论文标题
在时间逻辑约束下,基于RNN的POMDP策略
Verifiable RNN-Based Policies for POMDPs Under Temporal Logic Constraints
论文作者
论文摘要
复发性神经网络(RNN)已成为顺序决策问题中控制策略的有效表示。但是,基于RNN的策略的应用是一个很难提供对行为规格满意的正式保证的困难,例如安全性和/或可及性。通过从形式方法和机器学习中集成技术,我们提出了一种方法,可以从RNN自动提取有限状态控制器(FSC),该方法与有限态系统模型组成时,可以适合现有的正式验证工具。具体来说,我们将迭代修改引入所谓的量化瓶颈插入技术,以创建FSC作为带有内存的随机策略。对于所得FSC无法满足规范的情况,验证会生成诊断信息。我们利用此信息来调整提取的FSC中的内存量,或者对RNN进行重点进行重新培训。虽然通常适用,但我们详细介绍了部分可观察到的马尔可夫决策过程(POMDPS)的策略综合背景下所得的迭代过程,这是众所周知的很难的。数值实验表明,所提出的方法在最佳基准值的2%以内的3个数量级优于传统的POMDP合成方法。

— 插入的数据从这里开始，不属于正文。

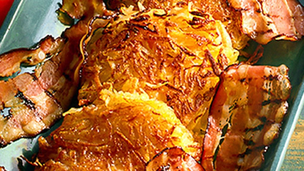 1. Kuori ja raasta perunat. Mausta ripauksella suolaa. Paista pekonit rapeiksi, nopeasti kuumassa pannussa. Pidä lämpimänä.

Recurrent neural networks (RNNs) have emerged as an effective representation of control policies in sequential decision-making problems. However, a major drawback in the application of RNN-based policies is the difficulty in providing formal guarantees on the satisfaction of behavioral specifications, e.g. safety and/or reachability. By integrating techniques from formal methods and machine learning, we propose an approach to automatically extract a finite-state controller (FSC) from an RNN, which, when composed with a finite-state system model, is amenable to existing formal verification tools. Specifically, we introduce an iterative modification to the so-called quantized bottleneck insertion technique to create an FSC as a randomized policy with memory. For the cases in which the resulting FSC fails to satisfy the specification, verification generates diagnostic information. We utilize this information to either adjust the amount of memory in the extracted FSC or perform focused retraining of the RNN. While generally applicable, we detail the resulting iterative procedure in the context of policy synthesis for partially observable Markov decision processes (POMDPs), which is known to be notoriously hard. The numerical experiments show that the proposed approach outperforms traditional POMDP synthesis methods by 3 orders of magnitude within 2% of optimal benchmark values.